The role my father played in my being raised a Catholic was trivial. Outside of throwing on the occasional suit and posing for the requisite family picture whenever his children passed a milestone, he barely cared. No, the push for a religious upbringing was my mothers, stemming from a proud Eastern European heritage and steeped in tradition and complacency.

To be honest I’ve never heard my father utter a single word about God or Religion or Jesus or Faith in all the years I’ve known him. Even when the people he’s truly loved have passed, his silence on these matters was deafening. His relationship with religion can be described as barely registering, like the flatline on an EKG machine or a calm day at the San Andreas Fault. There just wasn’t anything going on.

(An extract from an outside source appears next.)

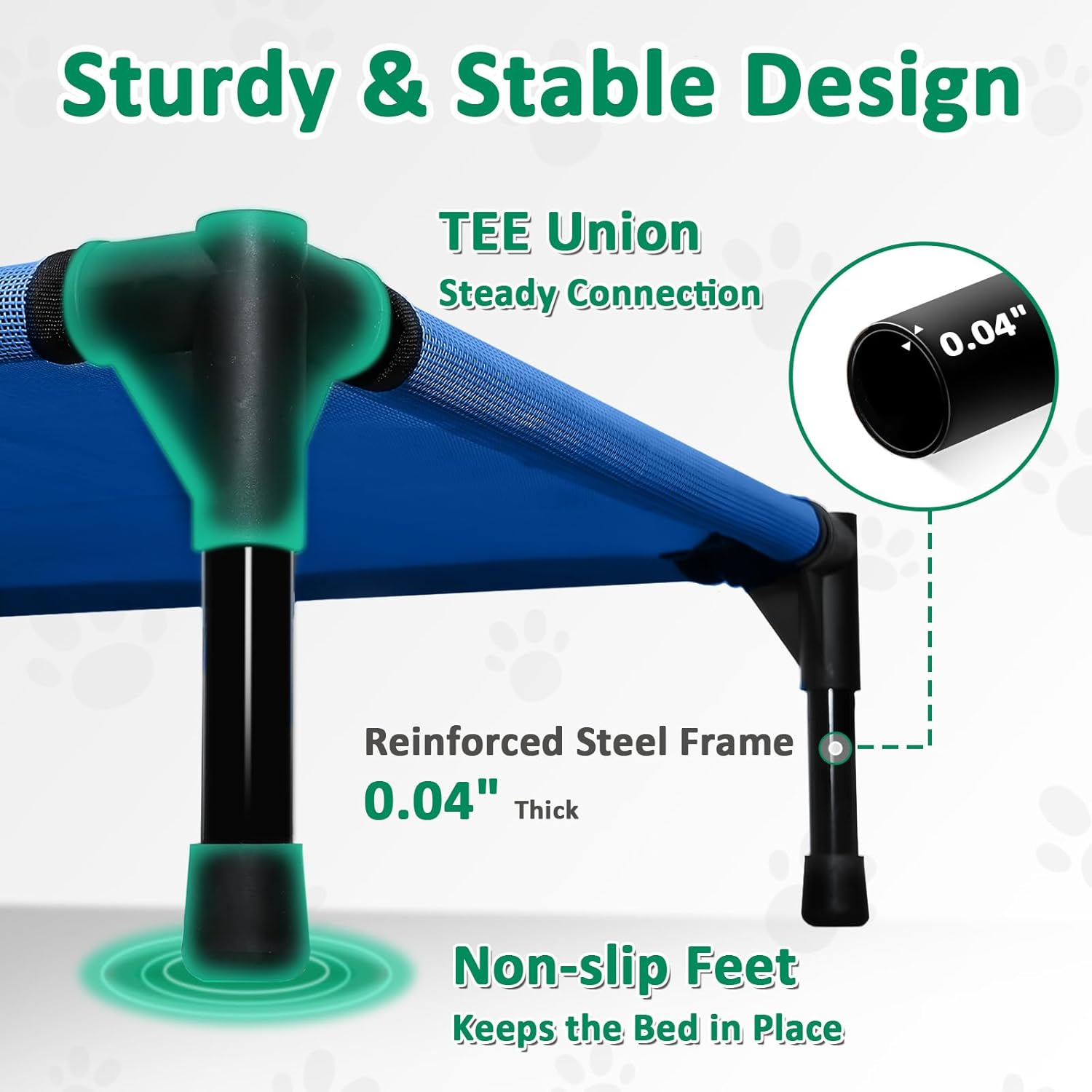 - BREATHABLE TESLIN MESH: This outdoor dog bed comes with breathable and durable Teslin mesh, provides airflow and firm support to relieve joint pressure. Our dog cot bed is suitable for dogs of all life stages, from puppy to the senior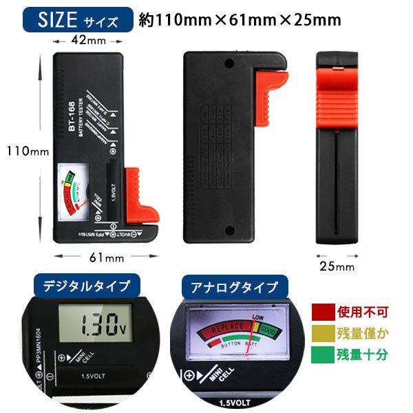 電池チェッカー バッテリー チェッカー 乾電池 テスター 電池 残量 測定器 計測 アナログ デジタル ボタン電池 チェック 小型 軽量

Religion and my father parted ways years ago, right around the time he married my mother. They shook hands and donned their caps, each of them heading off on their separate ways. But what I have to tell you about that fact is this: my father is a brave man. A heroic man. A man who had to choose between religion and family at an early age. A man who before I was born chose the new family he was creating with my mother over the people he’d known since birth. Over the parents who raised him. Over the brothers and sisters he grew up with.

For you see, my fathers family are a group of people who exist at the extremes of faith. They have woven their religion so deeply into their lives that they reject those who do not share their beliefs. My dad’s father and mother, his brothers and sisters, their husbands and wives and all their children went this route. Choosing to find salvation in the fervent teachings of a man who founded a church in an old bowling alley. But my father did not conform. Did not go the way of his siblings. It simply wasn’t for him, he didn’t buy into these teachings and for that he paid a heavy price.

I believe now that this is why my father rejects religion. Why he brushes it aside. He’s a brilliant man, the smartest one I know and his decisions aren’t made lightly. He considers all. I suspect he sees religion as a personal matter. Something between him and God. Religion took his parents and siblings from him and forced him to make a choice. So choose he did. He decided to create his own religion and call it Family, and made my mother and sisters and I its congregation. And he devoted his life to it. His actions became his sermons. Our family vacations to Disney World and his coaching of our basketball and soccer teams and the late nights helping us to finish our science projects his teachings. And his belief in the power of family over the power of a religion-based God was his credo.

I respect that. You have too right? If he hadn’t called bogus on the pastor who was reeling in his siblings and who had already hooked his parents, and hadn’t made the difficult choices he had to make, I’d be living a totally different life today. I would have been married in my teens. I would have been swaddled with kids by my twenties. I would have never gone to college. I would not be sitting here writing this essay to you today. Most likely I would right now be sitting in….church.

Without my knowing it, I’ve followed in my fathers footsteps. It took me awhile to find my way, to discover my path and crystalize my beliefs. But because of my father I’ve taken on a more simplified approach to religion. I always knew Catholicism and organized beliefs weren’t for me. I knew it wasn’t the right fit, that I no matter how hard I tried I couldn’t square it away with what I felt. And even though my father may not have been the most open man, the most vocal about his feelings or beliefs on God, I understand now why he chose his path. The whole while I was being force fed religion I was learning what it actually means to love and believe in something greater than yourself by my old man.

For I believe in a higher power, an omnipresent force. But I just believe it resides in all of us, in that quiet place within our hearts, existing on a deeper level with no need for one religion to claim ownership. There’s no need to go through the motions, the routines of religion, sing the songs, wear the clothes, and say the words to be saved. My father taught me that being saved begins within and whether he knows it or not for that I am grateful.